Cloudera and Trillium announce alliance for data quality in Hadoop

Alliance will allow Cloudera users to clean and profile data natively within that platform

Data quality software provider Trillium Software has announced a technology alliance with Hadoop distributor Cloudera. The alliance sees the Trillium Big Data solution certified by Cloudera allowing it to run natively in the Cloudera Hadoop distribution as well as bringing the Cloudera Enterprise Hub to Trillium's customers.

"With Trillium Big Data and Cloudera Enterprise, companies can natively and seamlessly integrate data quality solutions into their Hadoop platform," said Cloudera vice president business and corporate development Tim Stevens, in a statement.

"To get maximum value from data, it needs to be accurate, complete and accessible," he continued.
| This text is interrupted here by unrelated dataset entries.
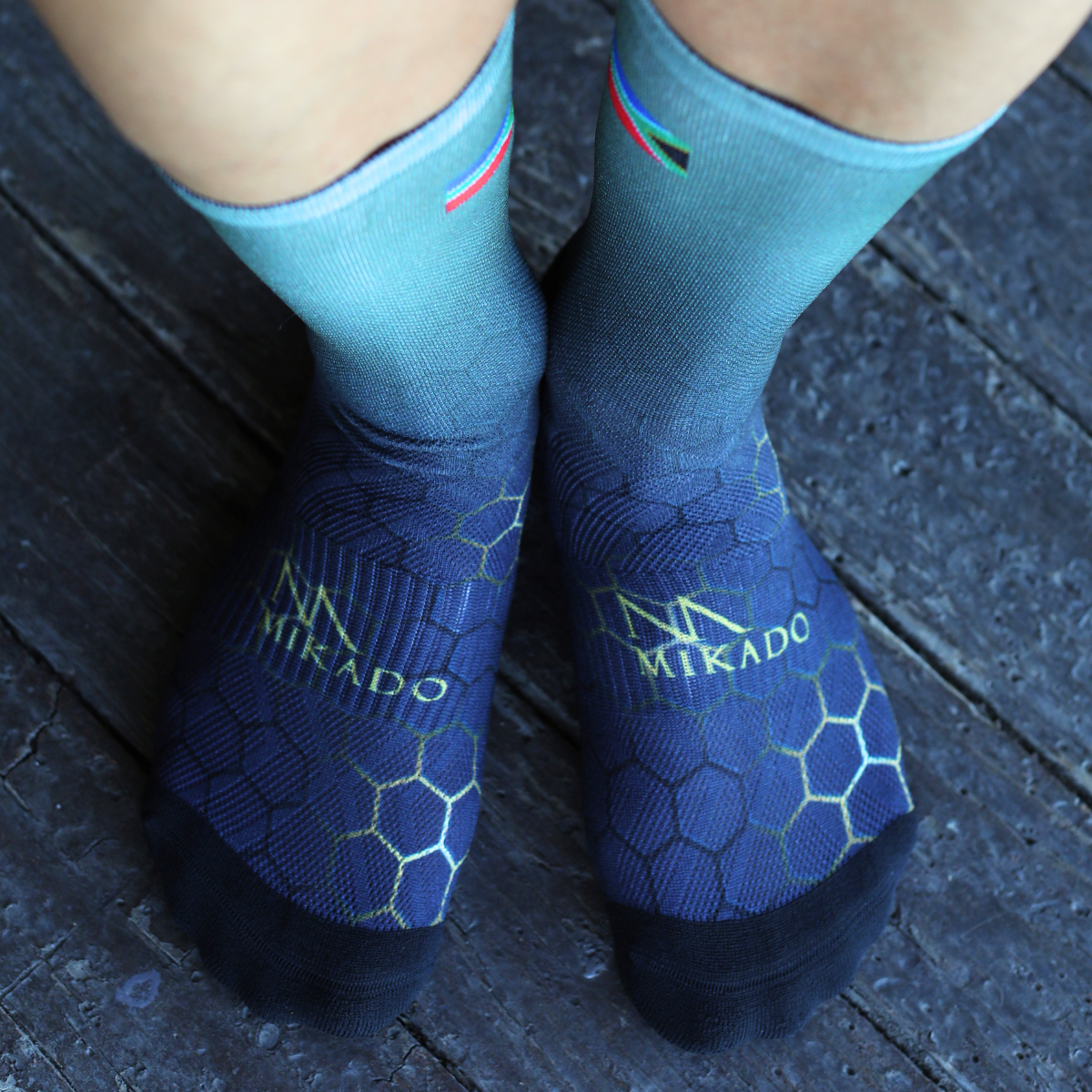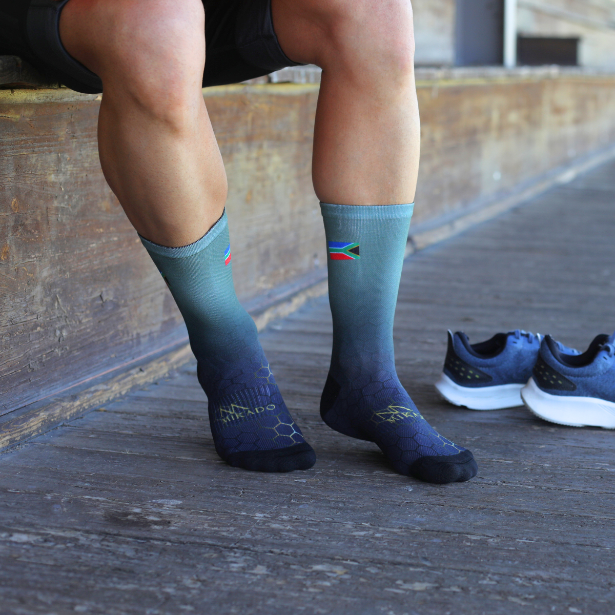 Design style: Hexagon green to black socks with SA Flag.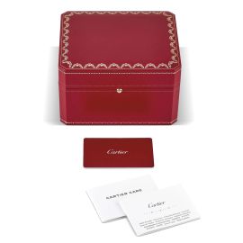 cassa in acciaio, fondello serrato con viti, corona con pietra cabochon blu, quadrante argenté, grafica nera, numeri romani, datario a ore sei, movimento a carica automatica, bracciale a maglie in acciaio, lungh. interna cm 17, chiusura doppia deployant in acciaio marcata Cartier, vetro minerale. Dim. mm 30x42. Corredato di scatola, garanzia e due maglie aggiuntive.
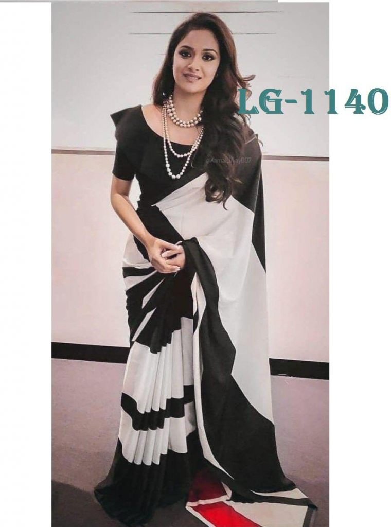 NEW HOT BLACK AND WHITE FANCY BOLLYWOOD COLLECTION ULTRA SATIN PRINTED SAREE WITH BLOUSE LAUNCH BY LEMBOGEE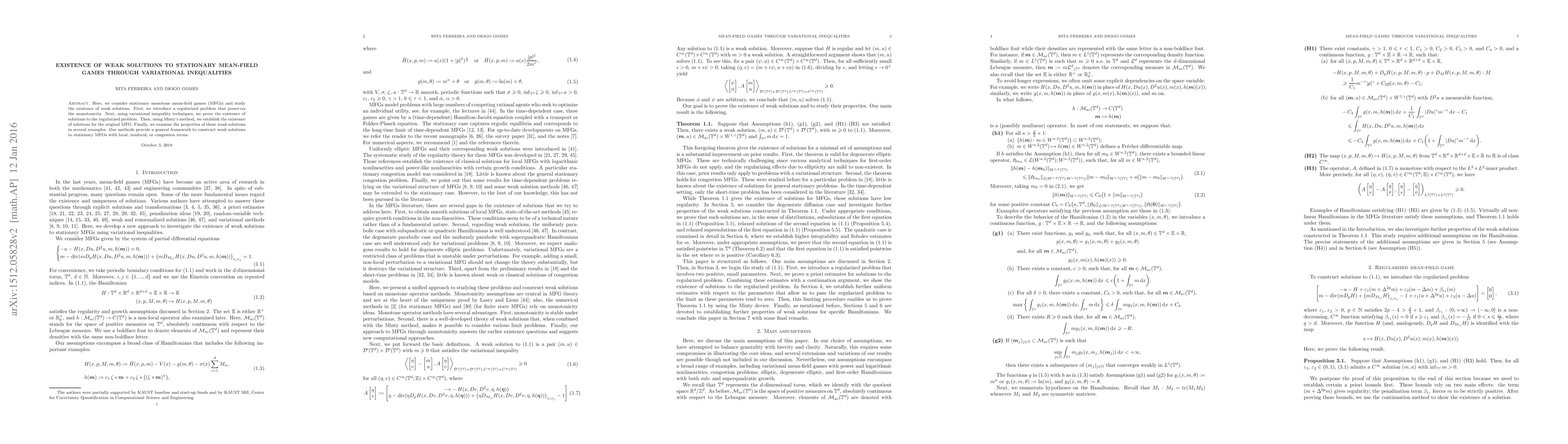 This paper establishes the existence of weak solutions to stationary monotone mean-field games (MFGs) using variational inequalities and Minty's method. It introduces a regularized problem to maintain monotonicity and proves the existence of solutions for both the regularized and original MFG.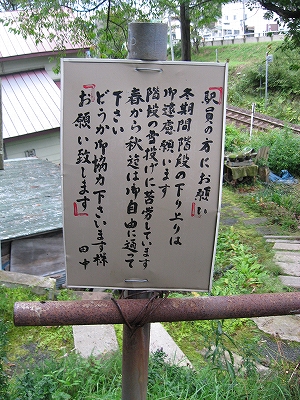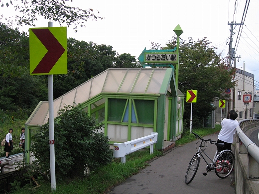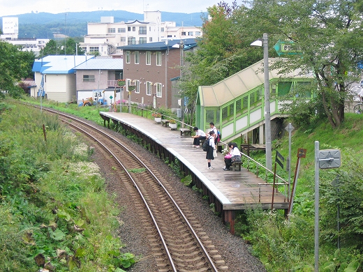 全員定期券の中、私だけ企画切符を見せたら、何か怪訝だ。あたりは土の掘割で、強引に簡易駅を作ったところ。往来のせわしない道路上にしつらえた待合所もメルヘンで、下り坂の先に網走市街と海が見て取れた。坂を登っていくと、いわゆる山の手の住宅街だろう。駅を過ぎていく徒歩の高校生もおり、みんな駅に来るわけでもなく。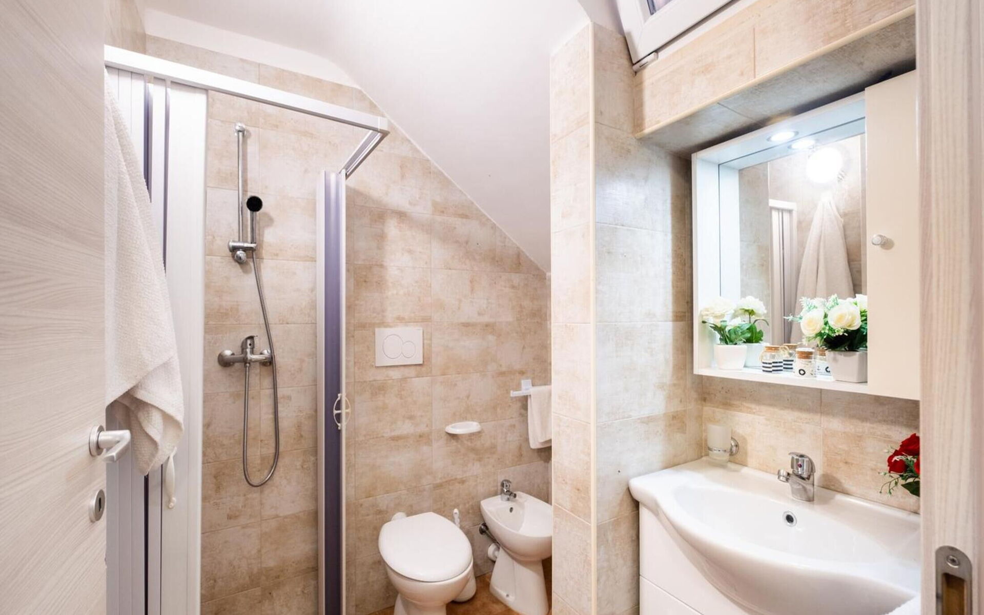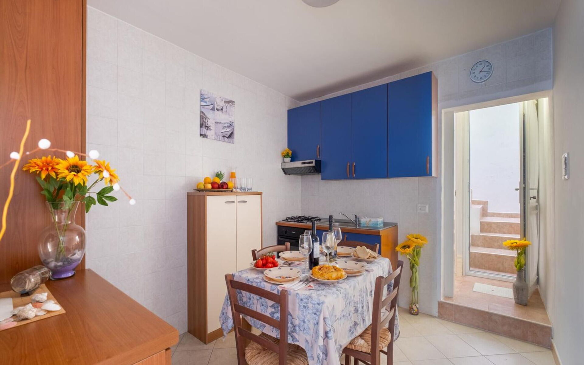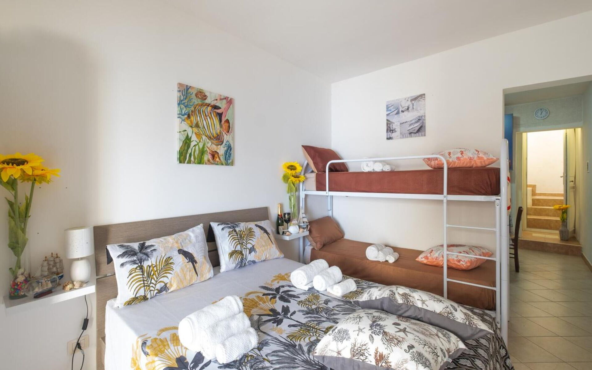 Cosy maritime-style interior with fine finishes, the spaces are divided into a double bedroom. Large living area where an additional cot can be added. Fully equipped kitchen with fridge, oven and TV. Large bathroom with shower and bidet. Air conditioning and wifi available.

Keith Kohl, vice president product management at Trillium Software, added:

"Hadoop's extraordinary growth and adoption by so many organisations drives the need for them to focus on the quality of big data, and utilise data quality solutions that are infinitely scalable across multiple domains and data sources."

Last month, Ed Wrazen, vice-president product management at Trillium, warned that the common practice of organisations simply dumping data into Hadoop without cleaning it either prior to loading it or once it is within Hadoop risks creating a "silo of silos".

"My feeling is that Hadoop is in danger of making things worse for data quality. It may become a silo of silos, with siloed information loading into another silo which doesn't match the data that's used elsewhere. And there's a lot more of it to contend with as well," he told Computing.

"You cannot pull that data out to clean it as it would take far too long and you'd need the same amount of disk storage again to put it on. It's not cost-effective or scalable," said Wrazen, suggesting that data needs to be cleaned at source or within Hadoop itself.

The alliance with Cloudera, one of the more popular Hadoop distributions, should ensure that deploying processes for data governance, profiling, de-duplication, cleansing and quality control is easier within that platform.